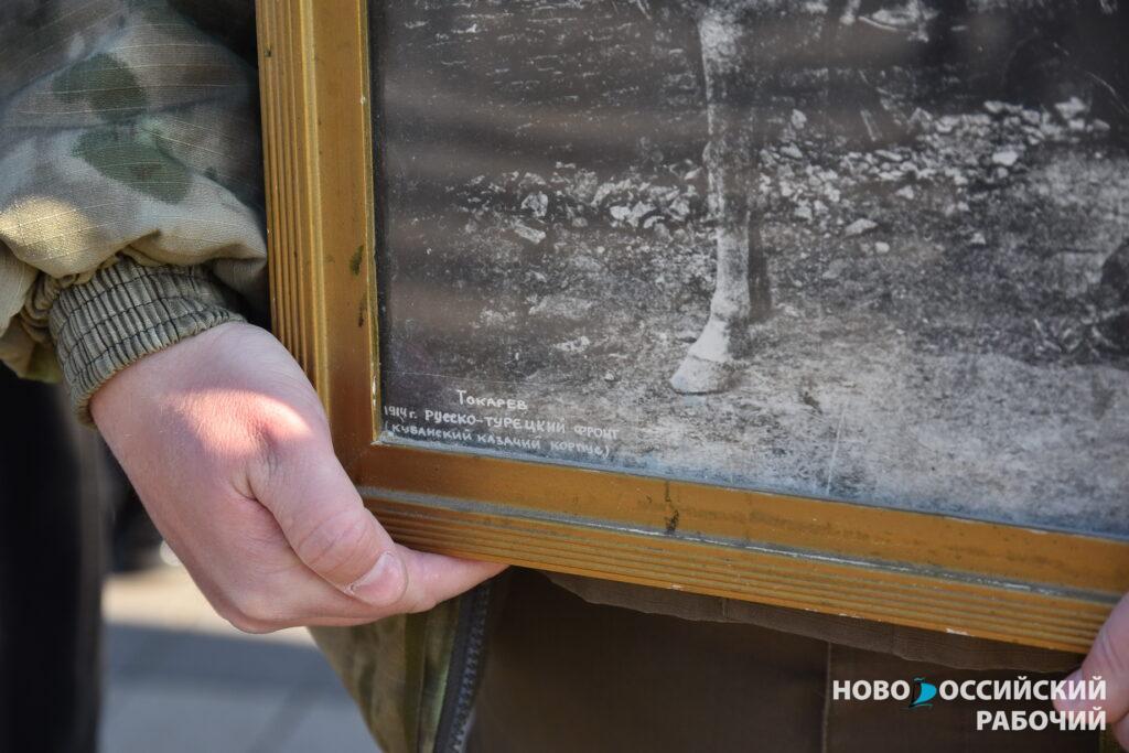 Почтить память своих предков многие пришли с портретами своих боевых стариков. Мое внимание привлек Александр Токарев, у которого в руках фотография прадеда – на коне, на фоне крепости, – Ивана Токарева, участника русско-турецкой войны. Александр Токарев потомственный казак, заместитель атамана по работе с молодежью в Центральном станичном казачьем обществе Новороссийска.
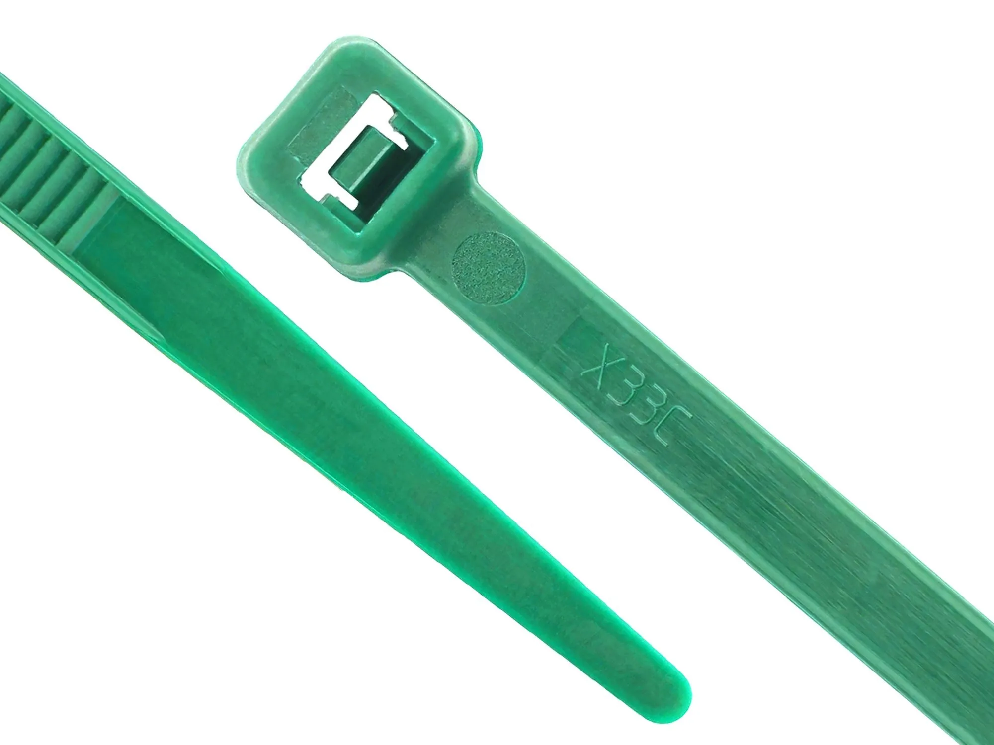 6 Inch Green Intermediate Cable Ties are designed to secure cable bundles, harness wiring components and keep them in place. Coming in a pack of 100, they have a self-locking head on one end and serrated teeth which function like straps on the other end. These two ends work by fitting inside each other in a self-locking mechanism.
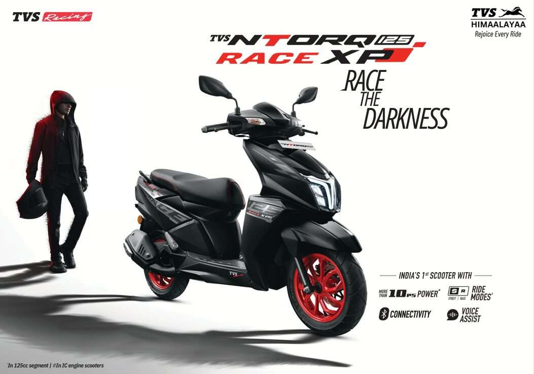 The all new TVS NTORQ Race XP, India’s 1st 125cc scooter with more than 10hp power. XP or Xtra Power makes your ride powerful like never before. The industry’s first multiple Ride Modes allow you to change your scooter’s performance to suit your riding style. Now control your scooter with Voice Assist and make a splash with striking Race-inspired graphics.

Exercise brief
The material above should be repeated word for word, with every picture omitted.

Solution
 Почтить память своих предков многие пришли с портретами своих боевых стариков. Мое внимание привлек Александр Токарев, у которого в руках фотография прадеда – на коне, на фоне крепости, – Ивана Токарева, участника русско-турецкой войны. Александр Токарев потомственный казак, заместитель атамана по работе с молодежью в Центральном станичном казачьем обществе Новороссийска.
 6 Inch Green Intermediate Cable Ties are designed to secure cable bundles, harness wiring components and keep them in place. Coming in a pack of 100, they have a self-locking head on one end and serrated teeth which function like straps on the other end. These two ends work by fitting inside each other in a self-locking mechanism.
 The all new TVS NTORQ Race XP, India’s 1st 125cc scooter with more than 10hp power. XP or Xtra Power makes your ride powerful like never before. The industry’s first multiple Ride Modes allow you to change your scooter’s performance to suit your riding style. Now control your scooter with Voice Assist and make a splash with striking Race-inspired graphics.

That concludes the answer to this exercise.